2
votes

I have a mysql container on my compute engine and I would like my App Engine to be able communicate with it.

I'm using django and have the below settings

DATABASES = {
    'default': {
        'ENGINE': 'django.db.backends.mysql',
        'HOST': <---ACTUAL_IP_REMOVED -->,
        'NAME': 'name_of_my_database',
        'USER': 'root',
        'PASSWORD': <-- Actual password removed -->,
        'PORT': '3306'
    }
}

I also have a firewall rule that allows all ingress on tcp:3306 for target service account (my google compute service account) and for source service account (my app engine service account).

Despite this I still get the below error in my app engine logs.

OperationalError: (2003, "Can't connect to MySQL server on '<--IP-Address-removed--->' (110)")
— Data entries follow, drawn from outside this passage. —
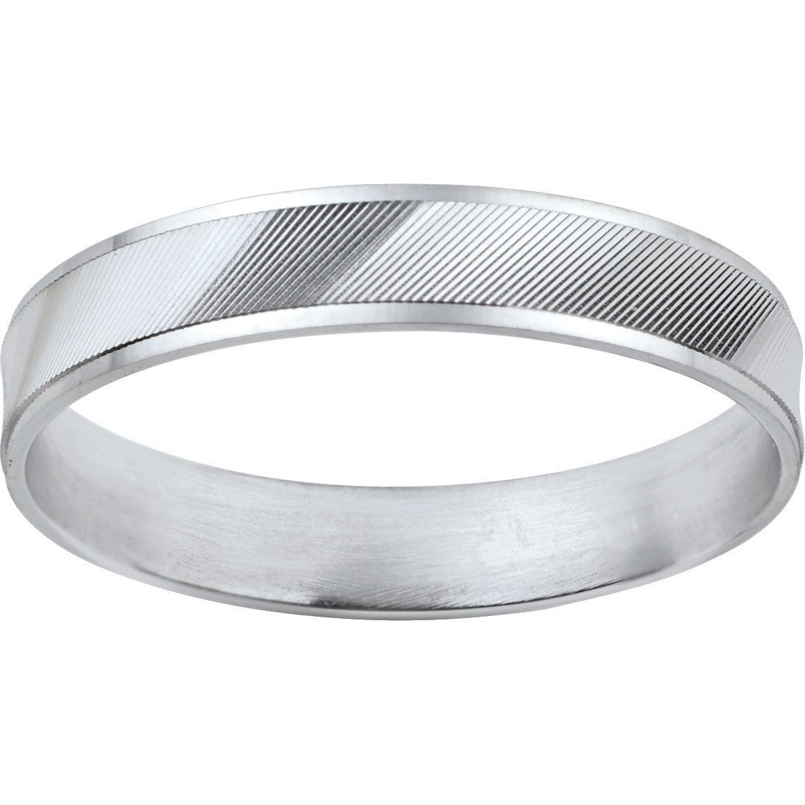 Rien de plus renversant que cette superbe alliance en or blanc 750/1000ème et dont son centre est entièrement strié en diagonale afin de lui apporter plus de relief. Ainsi le centre de l'alliance jouera avec les différences de luminosité, donnant l'impression d'un effet satiné.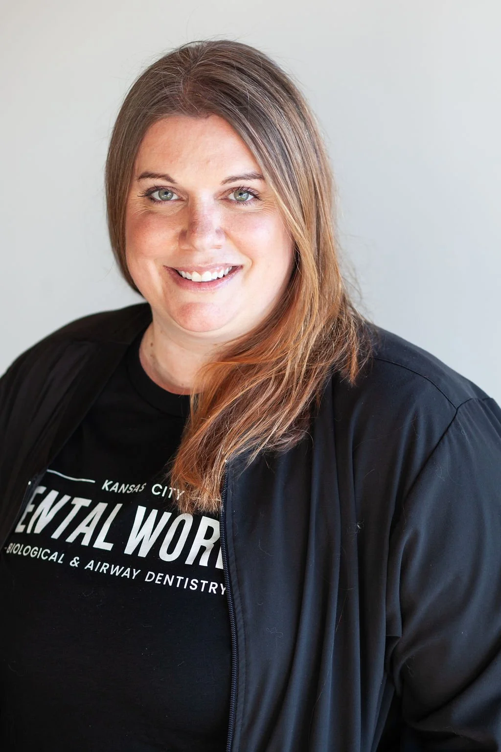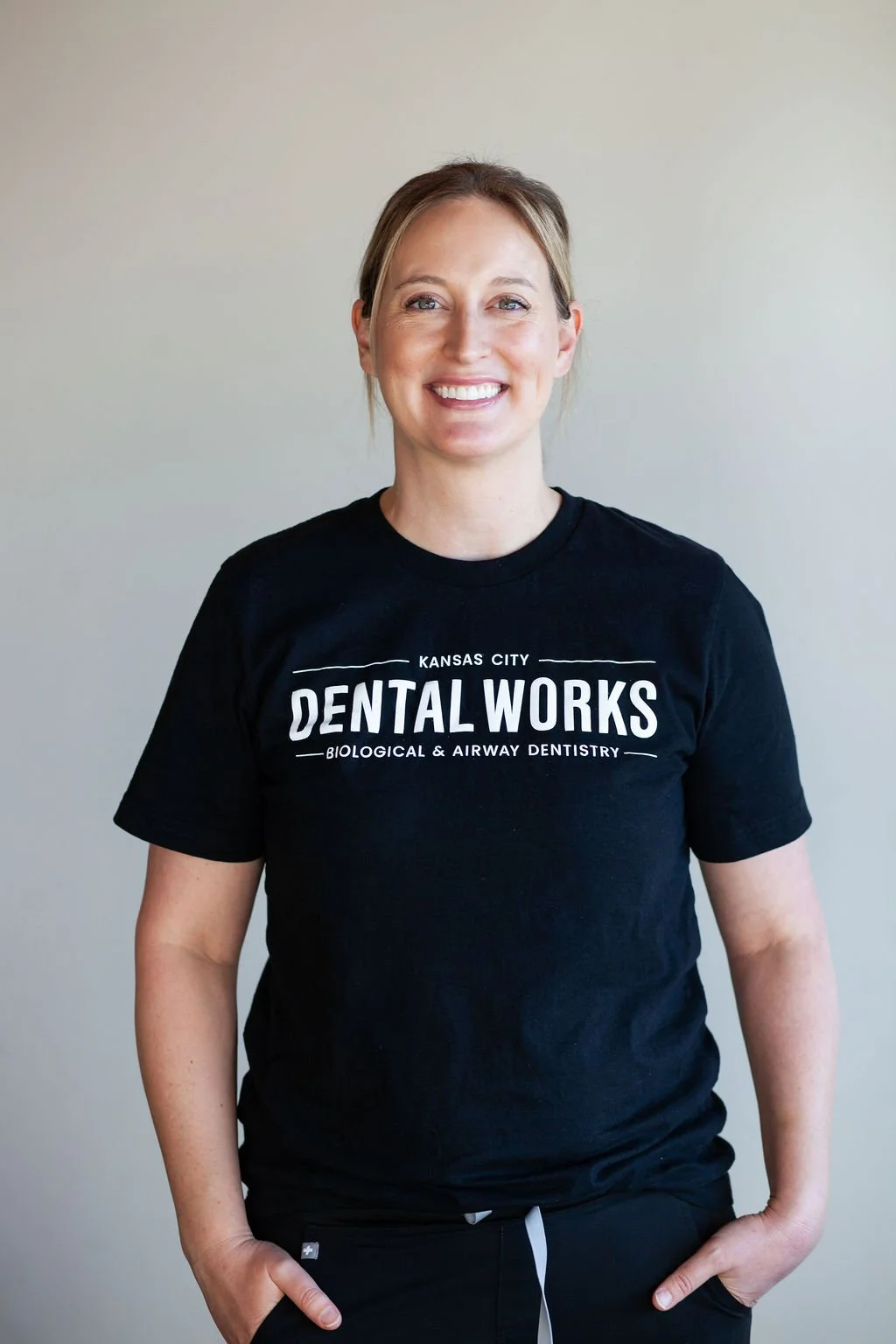 Jessie, a dental hygienist with 11 years of experience, grew up in Overland Park and earned her Associate’s in dental hygiene from Johnson County Community College. She also holds a Psychology degree from the University of Kansas. Jessie connects with patients through compassion, understanding, and education. She values her role at KC Dental Works, providing holistic care with a great team. Outside of work, she enjoys paddle boarding, football, DIY projects, and time with her dogs.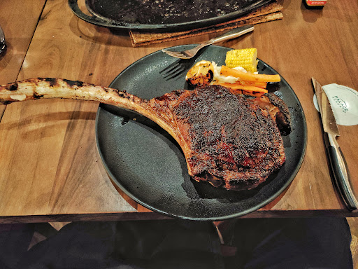 we started with 3 hot entrees, the calamari, the razor clams and the bone marrow, all perfectly sized and delicious. for the main course we decided to go for the biggest and baddest item on the menu, the mighty 35oz Tomahawk steak, we asked for medium well, it came more on the medium side, but rest easy. the plate was hot enough for us to be able to perfectly cook the strips as we pleased.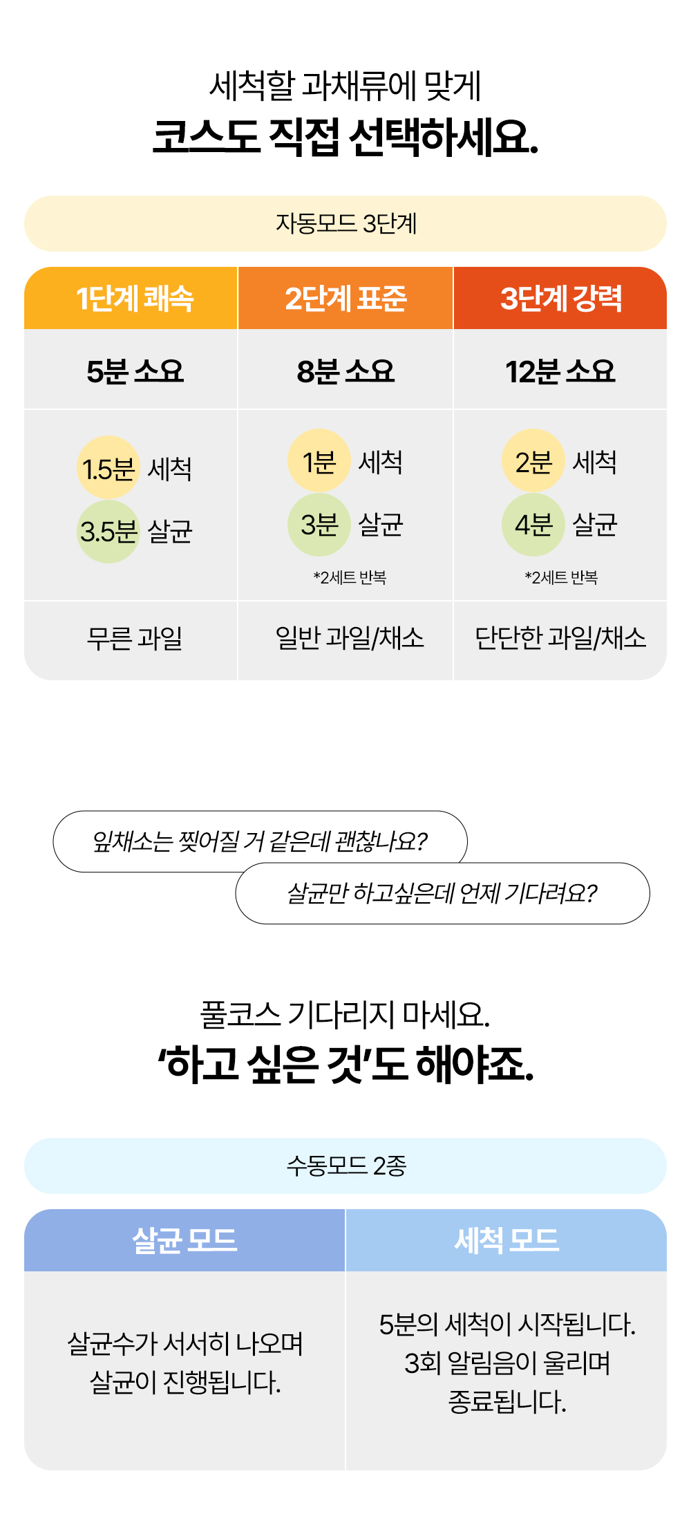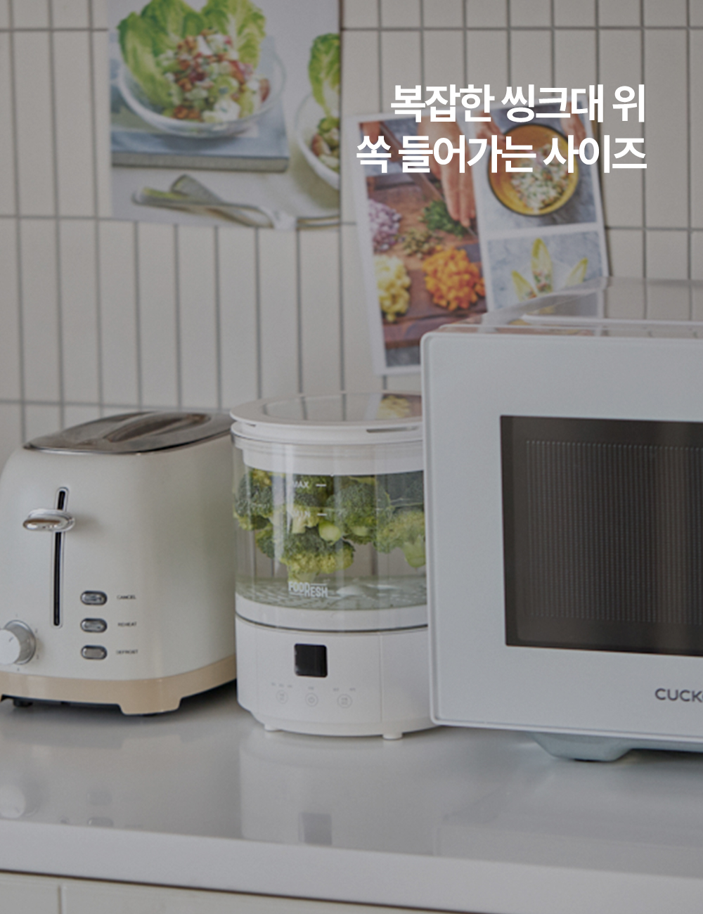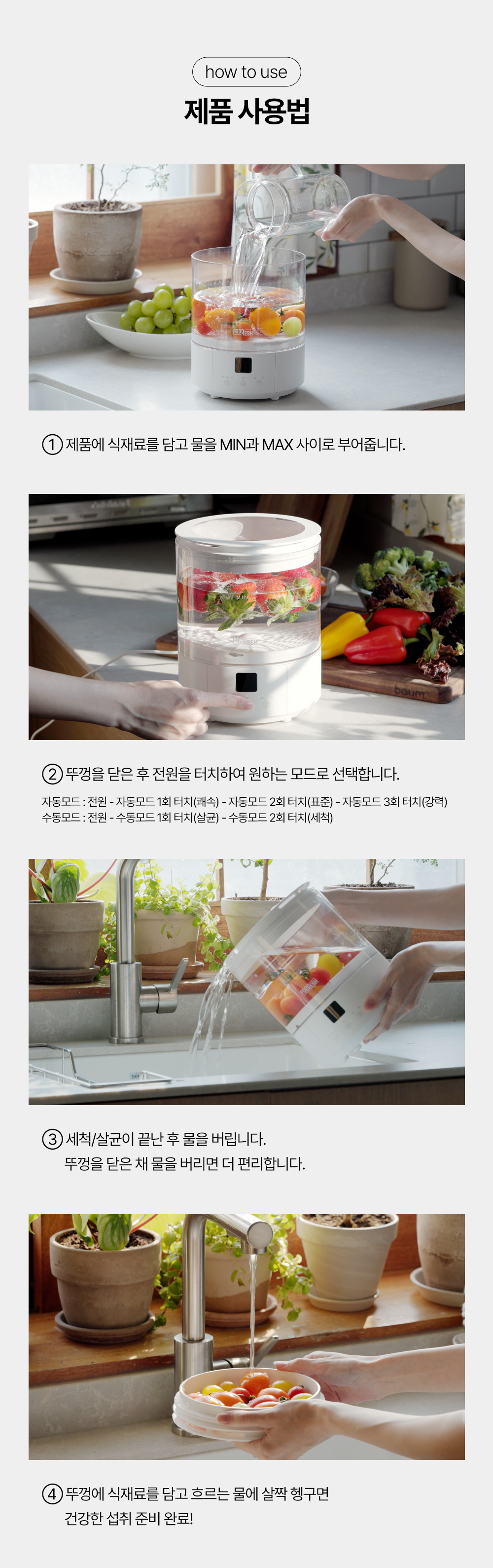 음식이 닿는 모든 곳에 신선함을 주기 위해, 그리고 신선함 뿐만 아니라 우리가 모르고 있었던 세균으로부터 음식을 지키기 위해 '과일세탁기'로 다시 돌아왔습니다.

What am I overlooking / doing wrong?

1
just to be sure, you are using the external IP of your mySQL instance, correct? And are you running the database directly on the OS or are you running a container?Patrick W
Yes, I was using the external IP of the mysql instance. I was running the DB in a container on the OS. The OS image was googles container OS image. The docker image was the mysql image which by default exposes 3306 so the port 3306 was available to external devices. This was a firewall issue as was clear when I opened up access to all IPs to the VM. Ideally though I could choose to open just the IP of my app engine app to the GCE VM.Terence Chow
I agree that it is a firewall rule, wanted to understand the infrastructure. Network tags and Service account tags only work on resources within the VPC network. App Engine Standard uses a separate VPC network thus the source service account tag is not detected.Patrick W

1 Answers

0
votes

You also have to allow the remote connections in the SQL instance. Try to follow the steps described in here, replacing the data in the answer with your data.